In the Mount Pisgah area, the Vanderbilts kept 471 acres (1.9 km²) in Buck Springs Gap, about a mile (2 km) from Pisgah Inn. Here, George W. Vanderbilt had constructed a popular log hunting lodge. The main lodge had four bedrooms, a breezeway-connected building had two bedroom suites, and the kitchen/dining building was connected to the other two. There were several buildings near these buildings. Mr. Vanderbilt built the Buck Springs Lodge just before the turn of the century, and all of the buildings were razed in 1961.
The Mt. Pisgah area has been a popular resort area for a number of years. The first Pisgah Inn opened about 1918. This rustic old Inn was a welcome journey’s end for thousands of travelers escaping from the heat of the lowlands in the summer. Development of the modern Pisgah Inn began in the early 1960s. The original Inn was disassembled in 1990 due to safety concerns.
Most of the Blue Ridge Parkway in this area was built across land transferred from the U.S. Forest Service. The exception was the 471 acres (1.9 km²) around Buck Springs Lodge. The State of North Carolina purchased the land and the lodge in 1959 and transferred the land to the United States for the construction of the Blue Ridge Parkway. The Blue Ridge Parkway through the Mt. Pisgah area was opened for travel in the mid-1960s. The present Pisgah Inn was built in 1964.

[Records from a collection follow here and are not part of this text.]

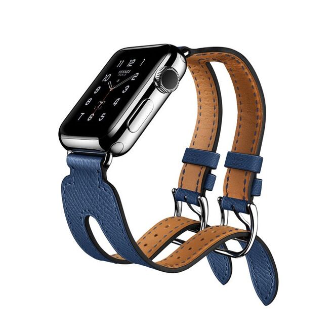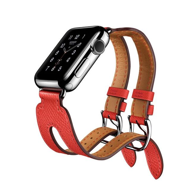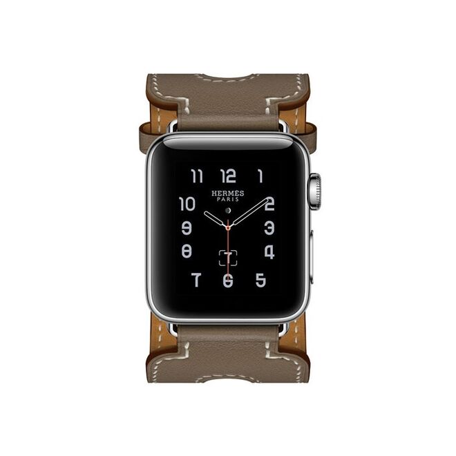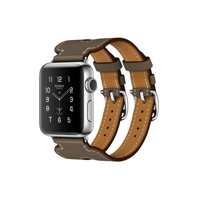 Esta expansão da coleção Apple Watch Hermès inclui um novo estilo – a dupla fivela Cuff em couro e pele de bezerro, inspirado nos desenhos de sandálias de Pierre Hardy, diretor criativo de sapatos e jóias Hermès, enquandrando elegantemente o punho em novas cores como Rosa Jaipur, Étoupe e Azul Àgata.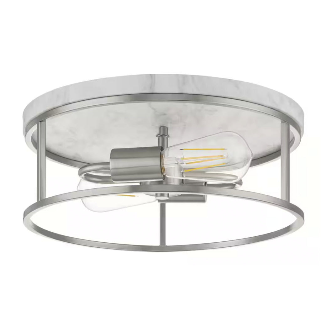 Cogburn 13 in. 2-Light Brushed Nickel with White Marbled Base Flush Mount - 1008010596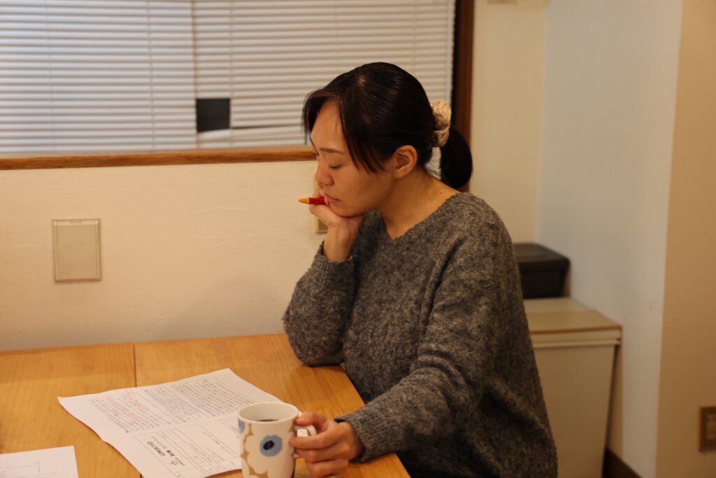俳優のみならずアクティングコーチとしても活動されているせいのさん。監督の演出意図を的確に表すせいのさんの言葉に、スタッフは何度も聞き入っていました。とくに家のシーンでは、シーンを的確な方向に導いてくださいました。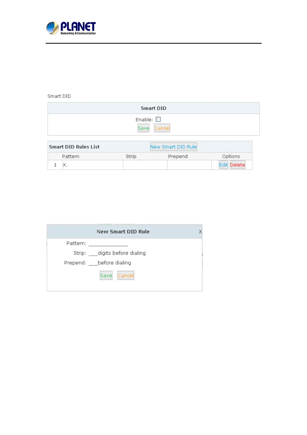 When user makes calls by the callback number to Planet IP PBX, the call will be hung up
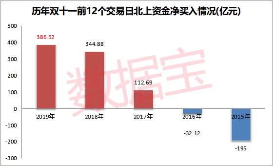 与往年比,今年双十一北上资金扫货更疯狂。证券时报·数据宝统计显示,2015年、2016年双十一(不含11月11日数据)前12个交易日北上资金均为净流出状态。虽然2018年双十一前12个交易日净买入额也超300亿,但仍低于今年同期水平。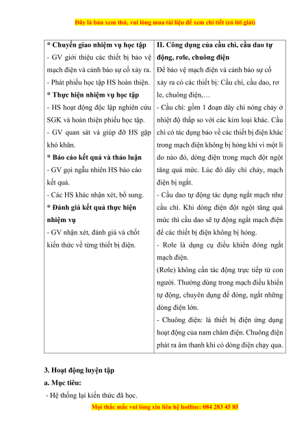 - Mô tả được sơ lược công dụng của cầu chì, rơle, cầu dao tự động, chuông điện. 2. Năng lực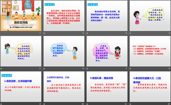 在生活中,我们经常会遇到一些需要得到别人的应允才可以去实施的一些情况,这时候就需要我们去说服别人,得到别人的同意与支持。本次口语交际的主题就是要求我们说服别人,支持我们做一件事情。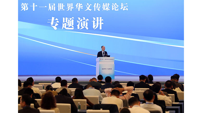 10月23日,由國務院僑務辦公室、四川省人民政府和中國新聞社主辦的第十一屆世界華文傳媒論壇在成都開幕。圖為中國國際經濟交流中心副理事長王一鳴發表專題演講。中新社
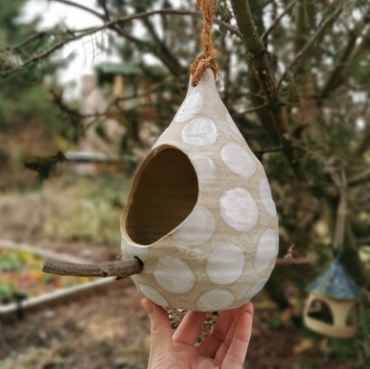 Der Birdfeeder kommt mit einer dicken Jute Schlaufe und zugeschnittenen Ästchen, zum landen, bei dir an. Du musst nur noch Futter einfüllen, und ab geht die Sause im Vogel Cafe´.

From 1964 until 1978, the Inn was owned by Aaron Prevost. Under his able ownership, a series of different managers directed operations. In 1977, the manager, Mr. Wright, passed away leaving open the position of Manager. In 1978, the O’Connell family came on board. Tom and Phyllis were retired hotel operators. Bruce, their son, had just graduated from the Cornell Hotel School. Together, they took the helm with Bruce running the food operation and Tom running the hotel division. Phyllis was the anchor that held the whole place together. Tom passed away in 1985 leaving Bruce and Phyllis to manage the Inn. Today, Bruce O’Connell runs the Inn with the help of his mother.
Mt. Pisgah: Landscape and History
Called Elseetoss by the nearby Cherokee tribe, Mount Pisgah gained the current name from the early European settlers. The name comes from the mountain Moses ascended in the Bible. In 1897, George Washington Vanderbilt purchased land that included Mt. Pisgah from Thomas Clingman for his growing estate, but Vanderbilt’s widow gave the land to the Forest Service upon his death two decades later. From certain viewpoints, two smaller peaks appear to be climbing Mt. Pisgah. The peaks resembled the shape of a rat, so this scenic landscape view received the name Mount Pisgah and the Rat. Some postcards from the early 1900s featured Mount Pisgah and the Rat on the front.